Records for this task -
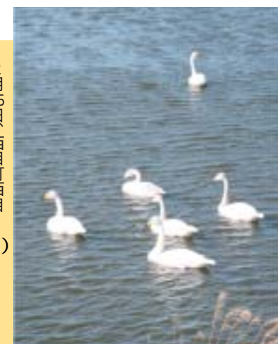
2月25日 西目町西目 釜ヶ沢ため池で

時に添い歴史つらぬき 里をうつるおし人をむすんで 子吉川 海へと向かう水の道 その海はせめぎあう世界へひらく 先人の知恵に学んで今日を生きる ふるさとの四季おりおりに 花はほほえみ風は薫 かお って 鳥海 とりのうみ の 山きよらかに裾をひき 頂はめくるめく宇宙につづく 子どもらとともに夢見て明日を創 つく る
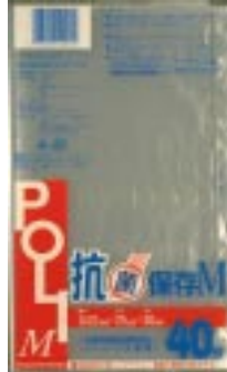
A - 2 0
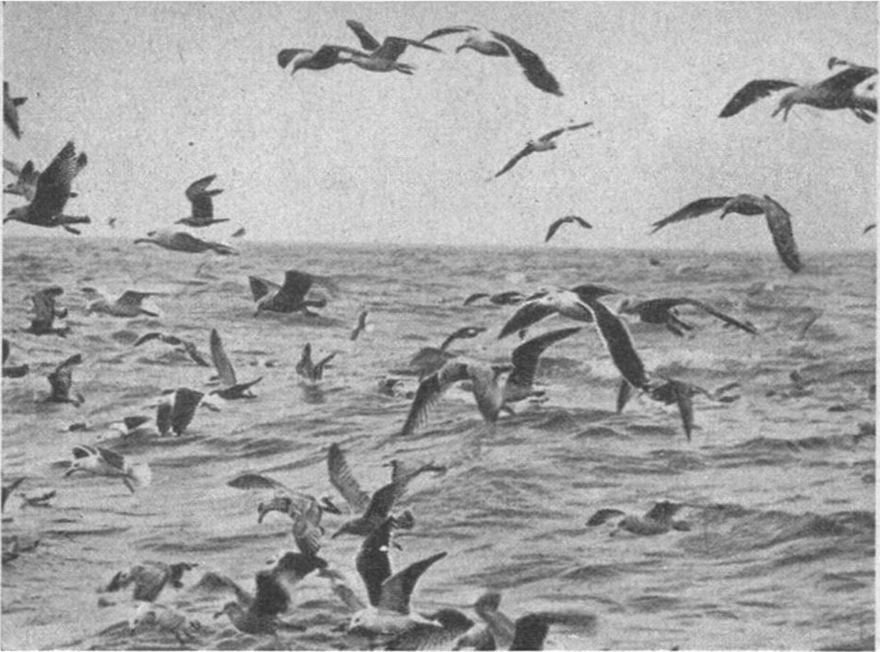
Ein Schwarm Möwen über dem Meer.

und Fülle zur Verfügung stehen, wird zu gleicher Zeit wie der freilebende von der Zugunruhe überfallen. Wie besessen flattert er umher, als ob der Fahrplan seiner Artgenossen im Freileben auch für ihn verbindlich wäre. Manchmal trifft es sich mit dem Abreisedatum recht ungeschickt, so dass riesige Vogelgesellschaften von Schnee und Eis überrascht werden oder unterwegs in ein schweres Unwetter geraten. In den letzten Jahren ist es wiederholt vorgekommen, dass grosse Schwärme von Schwalben und anderen Zugvögeln in Schneestürme geraten sind, völlig erschöpft von tierfreundlichen Menschen gesammelt und mit dem Flugzeug in günstigere Gebiete verschickt wurden. Beim Mauersegler, der gewöhnlich in den ersten Maitagen bei uns eintrifft, kann es z. B. vorkommen, dass die Eltern unter dem Zwang des Zuges, der sie schon in den letzten Juli- oder ersten Augusttagen überfällt, ihre noch nicht flugfähigen Jungen im Nest einfach ihrem Schicksal überlassen müssen.
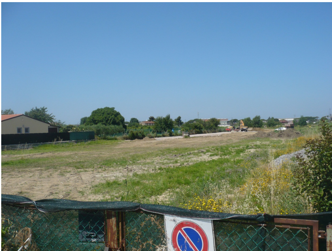
Immagine 21 area cantiere people mover posta su lato sud della ferrovia Pisa c.le –aeroporto vista dal passaggio a livello con via S.Agostino
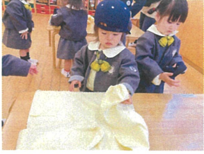
スモックはまね袖から たにみま!
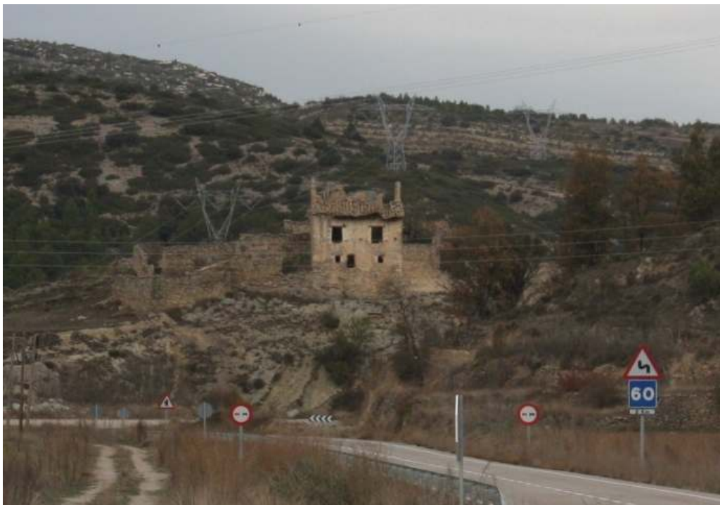
La Torre vista general.
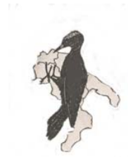
Associazione Studi Ornitologici Italia Meridionale http://www.asoim.org
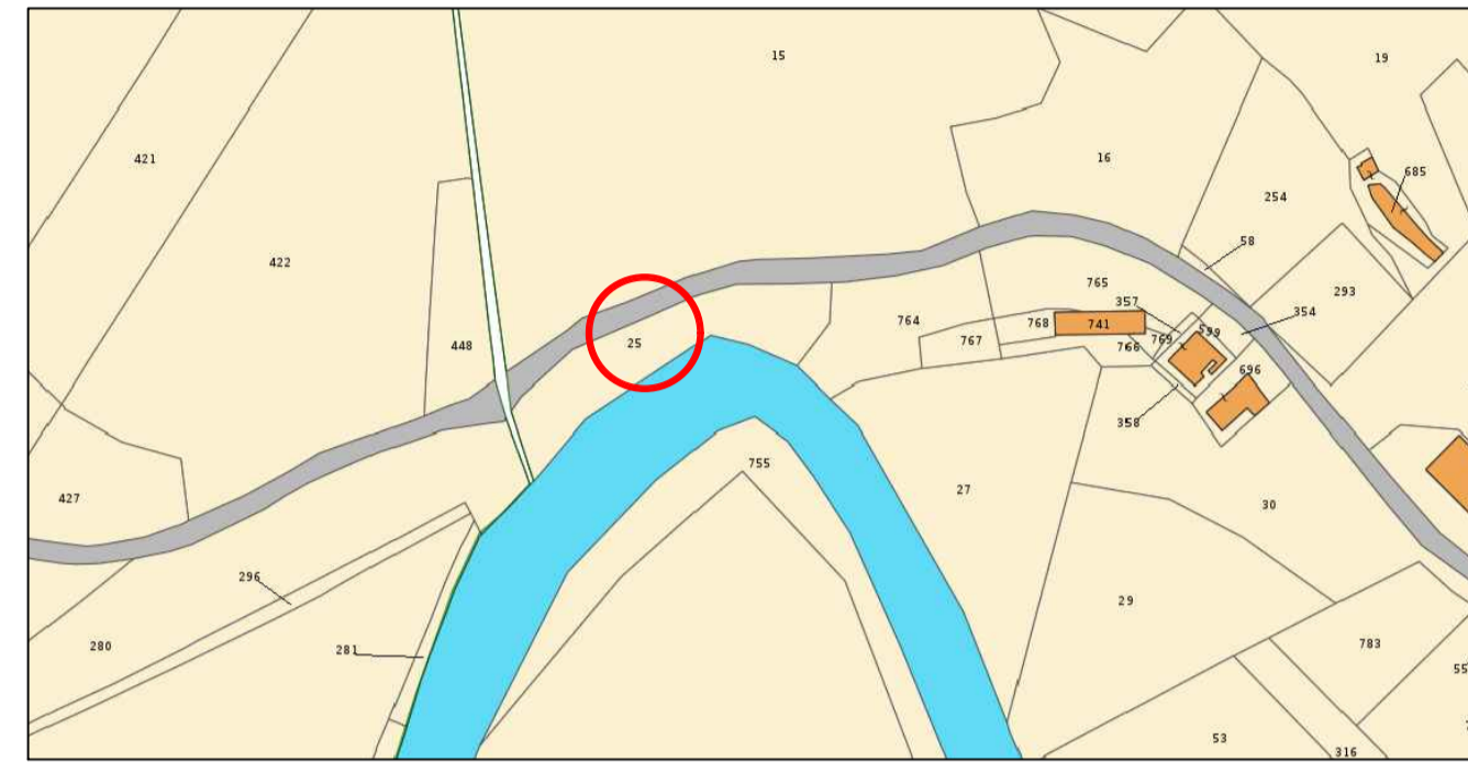
Catastale (Fig. 27)

Required action - Please reproduce, word for word, every line from the first line of the records above through the line containing "Ein Schwarm Möwen über dem Meer.", and leave out the pictures.

Response -
2月25日 西目町西目 釜ヶ沢ため池で

時に添い歴史つらぬき 里をうつるおし人をむすんで 子吉川 海へと向かう水の道 その海はせめぎあう世界へひらく 先人の知恵に学んで今日を生きる ふるさとの四季おりおりに 花はほほえみ風は薫 かお って 鳥海 とりのうみ の 山きよらかに裾をひき 頂はめくるめく宇宙につづく 子どもらとともに夢見て明日を創 つく る
A - 2 0
Ein Schwarm Möwen über dem Meer.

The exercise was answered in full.